Hi,
I have read quite a few posts here about coverage already. But I still had a few questions. I have a BAM file I'm trying to find the coverage of it (typically like say 30X).
So, I decided to use genomeCoverageBed
for my analysis. And I used the following command:
genomeCoverageBed -ibam file.bam -g ~/refs/human_g1k_v37.fasta > coverage.txt
As many are aware, the output of the file looks something like this:
genome 0 26849578 100286070 0.26773
genome 1 30938928 100286070 0.308507
genome 2 21764479 100286070 0.217024
genome 3 11775917 100286070 0.117423
genome 4 5346208 100286070 0.0533096
genome 5 2135366 100286070 0.0212927
genome 6 785983 100286070 0.00783741
genome 7 281282 100286070 0.0028048
genome 8 106971 100286070 0.00106666
genome 9 47419 100286070 0.000472837
genome 10 27403 100286070 0.000273248
To find the coverage, I multiplied col2
(depth) with col3
(number of bases in genome with that depth) and then summed the entire column.
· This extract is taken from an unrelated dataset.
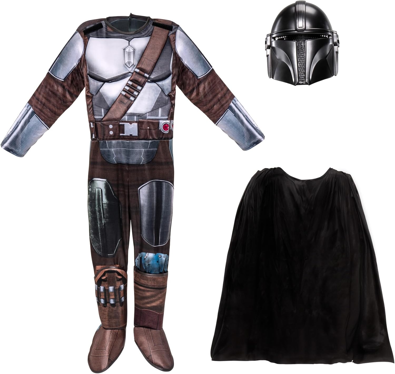 STAR WARS The Mandalorian Official Youth Halloween Costume - Padded Jumpsuit with Gloves, Detachable Cape, Plastic Mask
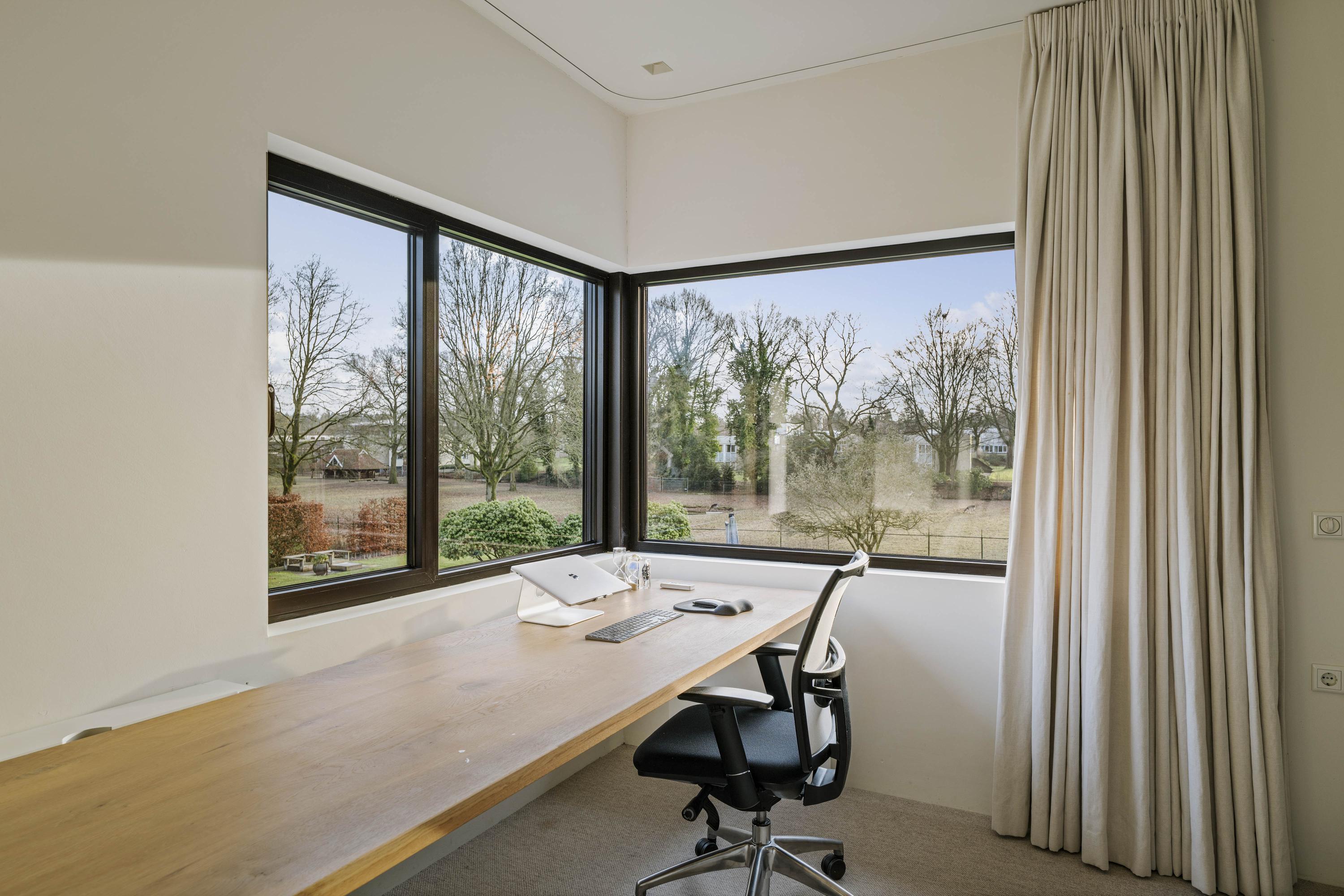 The garden surrounding the villa has been carefully landscaped. At the front, the lawn flows organically into the private pond banks. Rhododendrons, birches and beeches around the house complement the park-like layout of Berkeloord. At the rear is a large lawn with a spacious swimming pond in the middle with a plant filter and sun terrace. Borders with rhododendrons and evergreen shrubs frame the garden. The direct location next to the deer park ensures complete privacy and a unique view.

Then, I divided it by genome length to get the coverage. In this case, col2 * col3
is:
0
30938928
43528958
35327751
21384832
10676830
4715898
1968974
855768
426771
274030
And the sum is: 150098740
. Since the genome length is 100286070
, the coverage is 150098740/100286070 = 1.5
. That is to say it is, 1.5X. I have only considered the first 10 depth from the file here, but you get the idea. So, is this the right way to get the physical coverage?
Note:
While the output file (coverage.txt) gives individual chromosome details, I only took the genome details i.e., col1 labeled as genome.
Does this logic apply to exomes too? Like say, human exome is 30MB I think. And I have 30 million mapped reads, with 32bp reads. Then, the average coverage would be 30X right?
yes, to get the idealized coverage you would divide with the total length of the DNA that is supposedly the source of the reads.